However, while several studies have demonstrated improved recognition memory for faces with positive over negative and neutral expressions (D’Argembeau & Van der Linden, 2004, 2007; Gallegos & Tranel, 2005; Kaufmann & Schweinberger, 2004), others have reported enhanced memory for angry or fearful faces compared with happy and neutral faces (Jackson, Linden, & Raymond, 2014; Jackson, Wolf, Johnston, Raymond, & Linden, 2008; Jackson, Wu, Linden, & Raymond, 2009; Sessa, Luria, Gotler, Jolicoeur, & Dell’Acqua, 2011). One noticeable difference between the two incompatible arguments on how facial expression facilitates face recognition relates to the memory mechanisms (e.g., long-term memory, working memory) being tested. The studies showing memory enhancement for faces with positive expressions used an identity recognition task that was separated from encoding for a 5-min interval (D’Argembeau & Van der Linden, 2004, 2007) or tested with familiar faces, such as those of famous people, already encoded in one’s long-term memory (Gallegos & Tranel, 2005; Kaufmann & Schweinberger, 2004). When tested with familiar faces, recognizing face identities was faster for happy than for angry or neutral faces. The memory facilitation for happy faces is explained by a holistic bias where positive expressions induce a holistic or configural processing that can be beneficial for face perception (Bridge, Chian, & Paller, 2010). In contrast, studies that have demonstrated enhanced memory for faces with angry or fearful expressions often measured one’s visual working memory (VWM). In these VWM tasks, a brief temporal interval (e.g., 1,000 ms) separated encoding and memory retrieval. When faces were stored briefly in VWM, participants showed enhanced memory only for faces with negative expressions, while memory for faces with positive expressions did not differ significantly from that for faces with neutral expressions (Jackson et al., 2014; Jackson et al., 2008; Jackson et al., 2009).

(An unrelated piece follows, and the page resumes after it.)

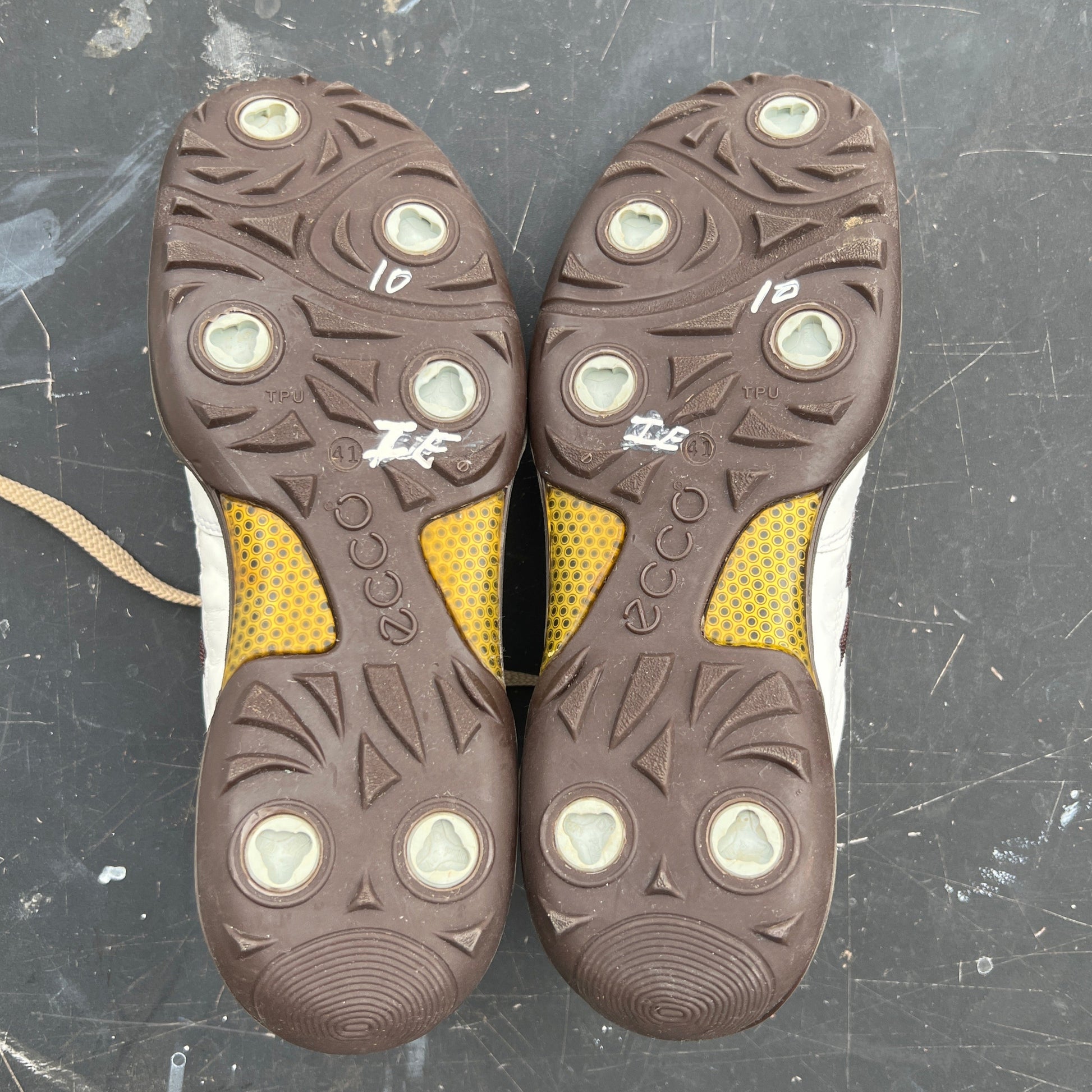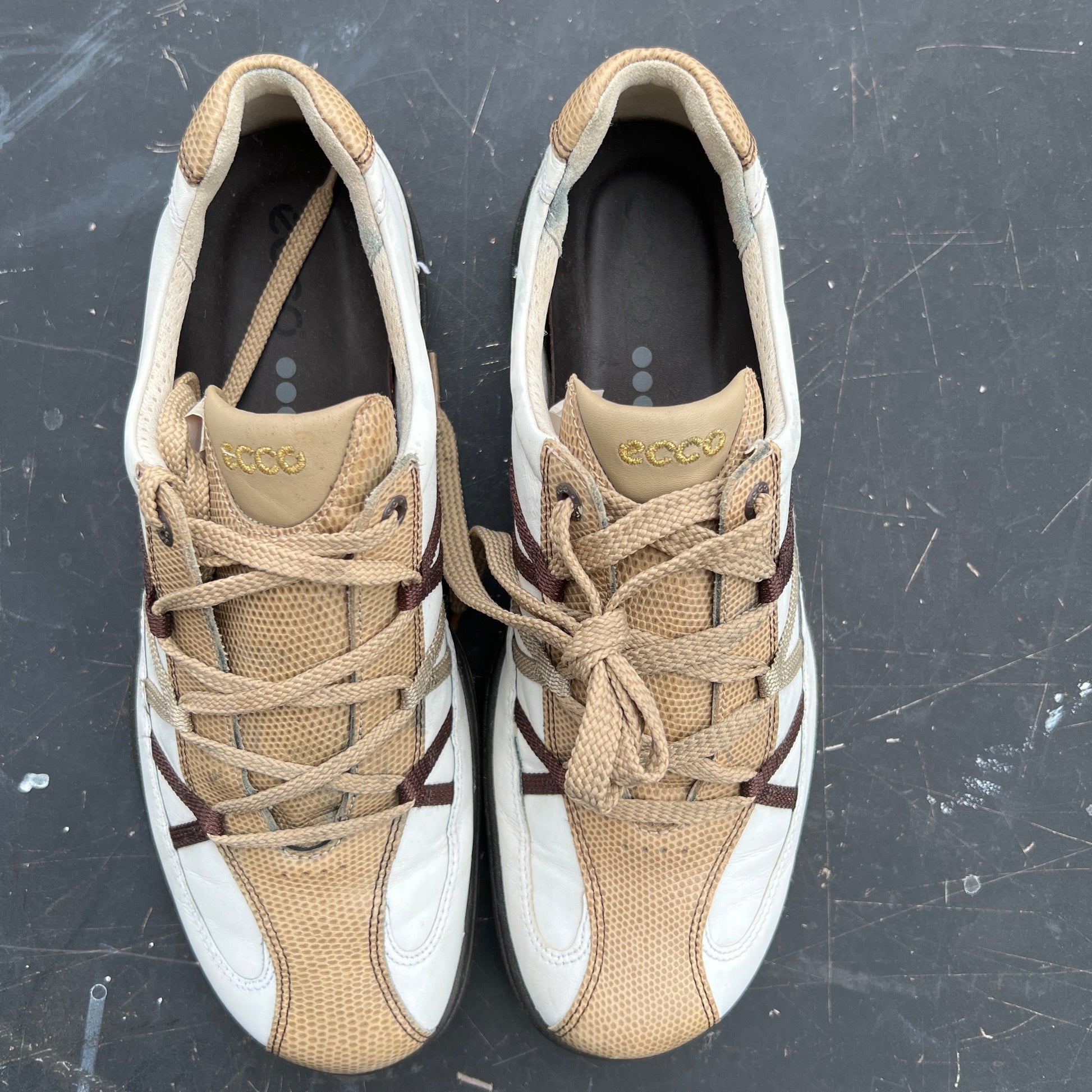 Women’s Ecco Spiked Golf Shoe 41EU White/Tan Embossed Reptile Leather

Jackson et al. (2009) claimed that the superior VWM performance for negative over positive and neutral faces implies discrete storage capacities for different expressions. Previous studies on VWM capacity have shown that the perceptual complexity or the amount of visual detail is an important determinant of the capacity limits (Alvarez & Cavanagh, 2004; Eng, Chen, & Jiang, 2005). Estimated capacities differ across categories, while the more complex a stimulus is, the smaller its storage capacity would be. If face recognition and perception of facial expressions are indeed independent processes, the presence of an emotional expression in a face is additional information in encoding its identity. This is especially the case where facial expressions were completely irrelevant to the task of storing identities of multiple faces into working memory because the same expressions were presented on each face (Jackson et al., 2014; Jackson et al., 2009). Considering the prior argument that objects that possess more features and detail have smaller storage capacities (Alvarez & Cavanagh, 2004), the capacity to store emotional faces should be smaller than that to store faces with neutral expressions. In contrast to this prediction, however, Jackson and her colleagues showed that the VWM capacity for faces with negative expressions has been found to be superior to that for neutral and even positive faces.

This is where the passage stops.